As a student of anthropology, I would find an engaging explanation from the great French sociologist, Marcel Mauss, who wrote in 1925 a book called The Gift. In that book, Mauss developed the theory that a gift is more than a material offering. For him, the material and the spiritual are blurred or the line between the two transcended to make the gift magical.
For Mauss, the one who sends or gives the gift gives a part of himself. Certainly my grandfather gave a lot of himself in those many occasions that he took care of the fragile container of the muffins he was assured would make us happy. If not, perhaps, for the fact that he stayed with us finally, he would have packed the same soft muffins over and over to give to us.
I remember my grandfather now, more than ever, when a great portion of this nation’s population is up in arms against the present obsession of the Bureau of Customs to tax balikbayan boxes, which are gifts. Relatives living abroad are looking at the things they have gathered and are still gathering and feeling a sense of helplessness. The box or boxes in front of them are now objects of anxiety rather than joy. Many are shocked that these boxes are now classified as forms of smuggling.
To the overseas Filipino workers, the Customs is another bureaucracy added to those that are supposed to work for their benefit. Name them: the Department of Labor and Employment, Philippine Overseas Employment Administration, Government Service Insurance System, Social Security System and the
Bureau of Immigration. Now here is Customs newly customized to look at what these workers are sending home. It has come to its attention, if we are to believe its premises, promises and press releases, that the balikbayan boxes are being used to send goods that are for sale. These practices should be put to a stop, a certain Lina who heads this bureau screams.
As with any kind of law or regulation this government enforces, the latest preoccupation is antismall people. This reminds me of what legislators have been complaining all this time that the so-called
Pantawid Pamilyang Pilipino Program (4Ps) is engendering dependency, and that poor people remain poor because they are not sweating enough. As if our politicians in both houses of Congress are working.
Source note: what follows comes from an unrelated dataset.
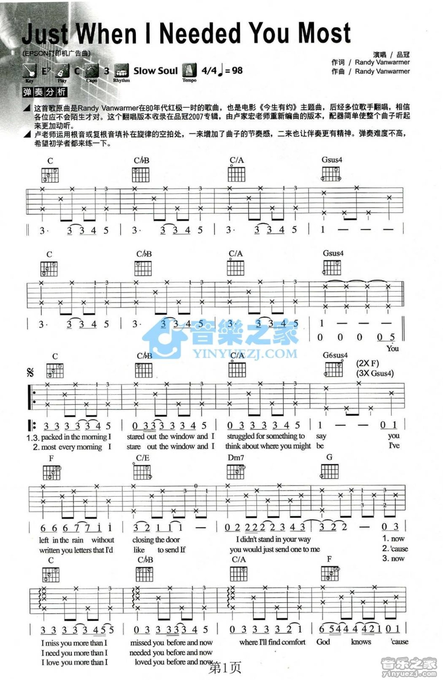 曲谱介绍: C调版 品冠《Just When I Needed You Most》吉他弹唱六线谱

I am angry. Like many Filipinos who have brothers, sisters, parents, aunts and uncles, and cousins working abroad, I am aware of what goes into those boxes. These are small gifts—shoes of all types, photos of which were sent to a favorite uncle, magazines acquisitioned for a year or years, boxes of chocolate that were bought on sale, are results of saving for months so these special dark and white delicacies could be shared on All Souls’ Day or death anniversaries or Christmas
gatherings. Are some of these goodies for sale? I think some are, but they are afterthoughts of a laborer who is simply proud to show siblings and kin the nice things available abroad. No talk about scrimping or dutifully saving; what are laid on the table or what are revealed after the huge luggage has been opened are gifts of oneself. The distribution of these nice and “expensive” things is a magical moment, filled with laughter, banter and happy talk.
As for the smuggled goods, they are not in balikbayan boxes, but in crates that are not products of savings and having two or three jobs, but of a capital that accumulates and grows because they escape taxation.
I like to join the thousands of people hurling expletives at Lina and the entire Customs bureau. But I want to refer everyone to my former publisher, Teddy Boy Locsin, who has reserved the utmost obscenity and has hurled it with the might of the righteous at Lina. I would like to pray at this point that the ghost of some past would visit all Customs officials and the commissioner and scare their conscience. I wish I could summon the spirit of my dear grandfather so he could share with them his gifts of muffins and honesty.